I went to South Africa for the first time late 2015 with a team of people from various churches in Scotland. We were based in Cape Town at All Nations’ headquarters. We ran a lunchtime kids club in Masiphumelele and also spent a lot of time chatting to and getting to know people out and about. I got to find out lots about All Nations and their vision and values, and during the two weeks I was there I felt it was somewhere I was to return to.
We worked in a township called Masiphumelele, called ‘Masi’ for short. Its population is just under 50,000, which is relatively small for townships in South Africa – some have up to a million people. It’s a tough community to be part of – there is a great sense of hopelessness and despair. Many of the men don’t have jobs and feel ashamed for not being able to provide for their families. Around 40% have the HIV virus. Living conditions are basic – tin shacks are the norm, and many without running water or electricity.
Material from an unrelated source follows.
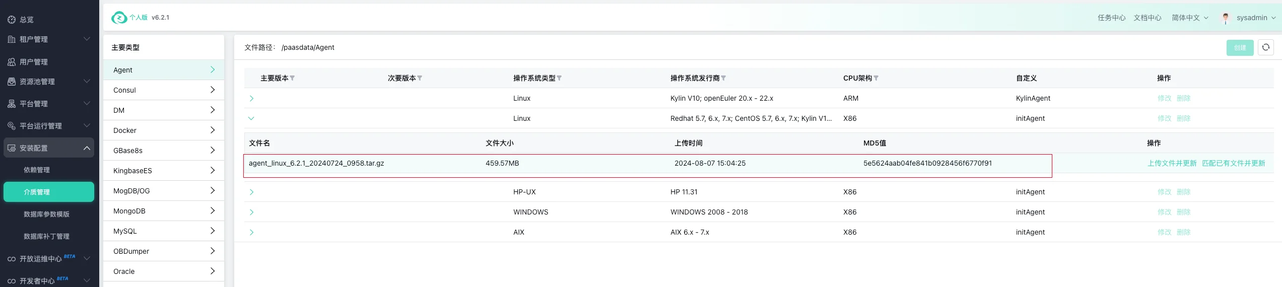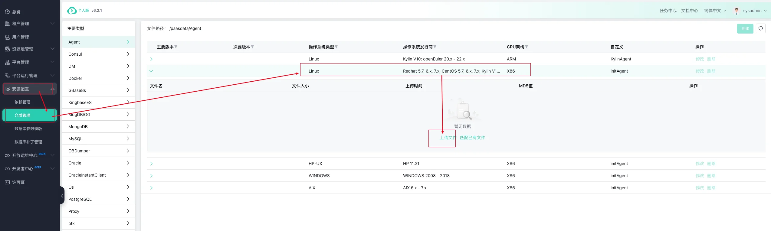 下载后将 agent_linux_6.2.1_20240724_0958.tar.gz 文件上传到网页端:

The frequency of fires and riots in the community means that often people become homeless or have to rebuild.
All Nations have a kids ministry in Masi called ‘Isithembiso‘ which means ‘Children of Hope’ and the vision is to do radical acts of love and service to the children and see them become leaders of their generation and families and help transform the communities they live in as they follow Jesus. All Nations train and enable local people in Masi to run a centre for kids where they can play, learn about God, have help with the homework, and receive some practical help.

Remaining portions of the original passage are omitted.